Recently I learned something that everyone should know. So if you are lucky enough to be reading this, get ready for your whole life to change.
Okay, maybe that is an exaggeration. But here is one little amazing cure: Flour for burns.
Sounds absolutely crazy. I have no scientific research to back it up. I have done no googling on the subject. I didn't even learn about it while home schooling! I learned about it because I burned myself and I happened to be at a friend's house.
Here is what happened: I was melting a tiny bit of queso (velveeta and rotel) in my friend's demon microwave. This microwave is linked to some kind of sunspot surge. Most of the time it won't get your cup of coffee hot in less than 2 minutes. Then, for some unseen reason, it decides that it is time to let loose all of its pent up anger and return whatever is in it to sub-atomic particles. This is what happened with my queso. So when I innocently reached into the microwave and picked up the little cup, the cup was so hot it melted to my fingers. I had to shake it off, which then poured melted cheese as hot as lava all over my hands, wrists and fingers. I immediately ran to the sink and started running cold water over the burns. They were already red and swelling fast. I was crying it hurt so bad.
My friend ran in to find out what happened. She had heard the clattering and the squealing. She very sweetly and diligently started pummeling me with questions. Really, the same question over and over, "What are we supposed to put on burns?" She was very sincere, and upon seeing my tears, and the welts, became even more insistent, "WHAT ARE WE SUPPOSED TO PUT ON BURNS?!" I wasn't really any help in answering. We probably looked like an "I Love Lucy" skit. I just kept saying, "I don't know!" She then began helpfully suggesting all of the essential oils that she had in her pantry. "Lemon??? Wintergreen? Lavender? Oregano?" To which I kept my wits about me and intelligently continued answering, thru my tears, "I don't know."

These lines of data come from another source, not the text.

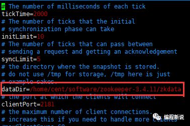 进入zookeeper解压目录,进入conf/zoo.cfg中设置下数据目录,如图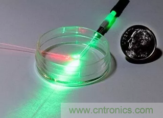 圖1:美國和澳大利亞的研究人員開發(fā)了一種非侵入性、即時測量液體pH值的方法,該方法使用了激光光源、光纖探頭以及一些基本的化學(xué)試劑。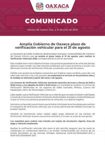 El gobierno del estado de Oaxaca, a través de un comunicado informó que amplía el plazo de verificación vehicular para el 31 de agosto, para quienes no han realizado el trámite correspondiente al primer semestre de 2025.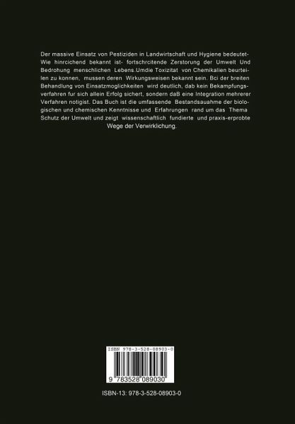 I Einführung.- II Chemische Konstitution und biologische Wirkung.- 1 Allgemeine Grundlagen.- 2 Antagonismus im Stoffwechselgeschehen.- 3 Detoxifikationsmechanismen.- III Grundlagen der Prüfung von Pestiziden auf ihre Toxizität.- 1 Verschiedene Prüfmethoden.- 2 Vergiftungserscheinungen und Vergiftungsverlauf.- IV Methoden der Applikation im Laboratorium.- 1 Topikale Applikation und Injektion.- 2 Begiftung durch Verfüttern und Tränken.- 3 Tauchmethoden.- 4 Kontaktbegiftung mittels insektizider Filme.- 5 Verwendung von Sprüh türmen.- 6 Stäubetechnik.- 7 Untersuchung von Räuchergiften.- 8 Bewertung von Begiftungsversuchen.- 9 Auswahl der Versuchstiere.- 10 Beziehung zwischen Giftdosis und Wirkung.- 11 Bedeutung des Mittlermediums.- V Zubereitungs- und Anwendungsmethoden im Freiland.- 1 Stäubemittel.- 2 Spritzmittel.- 3 Aerosole.- VI Synergismus und Antagonismus.- VII Wichtige Umweltpestizide und ihre Wirkungsweisen.- 1 Toxisch wirkende Gase.- 2 Mineralöle, Teeröle und Detergentien.- 3 Anorganische Salze.- 4 Organische Nitro-Verbindungen.- 5 Phenothiazin und verwandte Verbindungen.- 6 Nikotin und verwandte Basen.- 7 Rotenoide.- 8 Pyrethrine, Allethrine und Pyrethroide.- 9 Organische Thiocyanate.- 10 Chlorierte Kohlenwasserstoffe.- 11 Organische Phosphorsäureester.- 12 Karbamate (Urethane).- 13 Thiokarbamate und Dithiokarbamate.- 14 Phthalimide.- 15 Triazine und Triazole.- 16 Benzimidazole, Sulfamide und Phenoxysäuren.- 17 Cumarin-Derivate.- VIII Selektivität und Resistenz.- 1 Selektive Toxizität.- 2 Pestizidresistenz.- IX Toxikologie der Pestizide.- 1 Teratogene, mutagene und karzinogene Wirkungen.- 2 Wechselwirkungen mit ümweltfaktoren.- X Umwelttoxikologie.- 1 Pestizidrückstände.- 2 Nahrungsketten - Nahrungsnetze; Akkumulation.- 3 Biotransformationvon Pestiziden in der Umwelt.- 4 Transformationen durch abiotische Faktoren.- 5 Berufskrankheiten.- 6 Fehleinsatz von Pestiziden.- 7 Streusalzschäden.- XI Umweltschonende Verfahren (Alternativen).- 1 Nutzung natürlicher Abwehrstoffe.- 2 Pflanzliche Attraktivstoffe und Phagostimulantien.- 3 Methoden der Sterilisierung (Autozidverfahren).- 4 Färb-und Lichtfallen.- 5 Wachstumsregulatoren.- 6 Einsatz von Pheromonen.- 7 Suppressoren und Antibiotika.- 8 Königinnentechnik.- XII Biologische Schädlingsbekämpfung als ein Weg zum Umweltschutz.- 1 Einsatz von Wirbeltieren.- 2 Verwendung von Arthropoden.- 3 Verwendung von Planarien und Nematoden.- 4 Mikrobiologische Bekämpfungsmaßnahmen.- XIII Integrierter Pflanzen- und Gesundheitsschutz als Umweltschutz.- 1 Definitionen.- 2 Wirtschaftliche und hygienische Schadensschwellen.- 3 Auswahl der Methoden.- 4 Erarbeitung integrierter Programme.- 5 Ein Blick in die Zukunft.- Literatur.- Verzeichnis wissenschaftlicher Namen.

Finally, her eyes lit up like saucers! "Flour!" she jubilantly yelled.
She dashed across the kitchen. She poured a gallon ziploc bag half full of plain old enriched bleached flour and told me to stick my hands in it. I could tell the running water wasn't helping. I could tell that running water, even if it was fresh off a glacier, would never help the burns that demon microwave had given me. So what could I do besides call 9-1-1? Plunge my hands into that bag o' flour! Amazingly, INSTANTLY the pain was almost gone! It was unbelievable! Right up there with Paul being bitten by a viper, and shaking it off like it was a caterpillar. The natives wanted to worship him as a god. I mean it - that flour trick was THAT amazing. As soon as I had my hands buried in the flour, my dear thoughtful friend looked at me with an excited, eager gleam in her eyes, "I have just been WAITING to try that!" She quickly caught herself and added, "I mean, I'm sorry you got burned, but,...." I wondered if she had been secretly planning to burn one of her kids just to try it out. What a hero I am, saving her kids like that! Just kidding, she wouldn't do that. And I am GLAD she had read some crazy thing about flour helping burns. And I am glad the Lord was able to remind her what to put on burns - during our highly intelligent conversation.
The end of the story is that I kept my hands in the flour for at least an hour, probably a bit longer. When I took them out, the redness was gone, the pain was gone, almost all trace of the severe burns that I received were gone. There was just one little red spot about the size of a pea, not even a blister.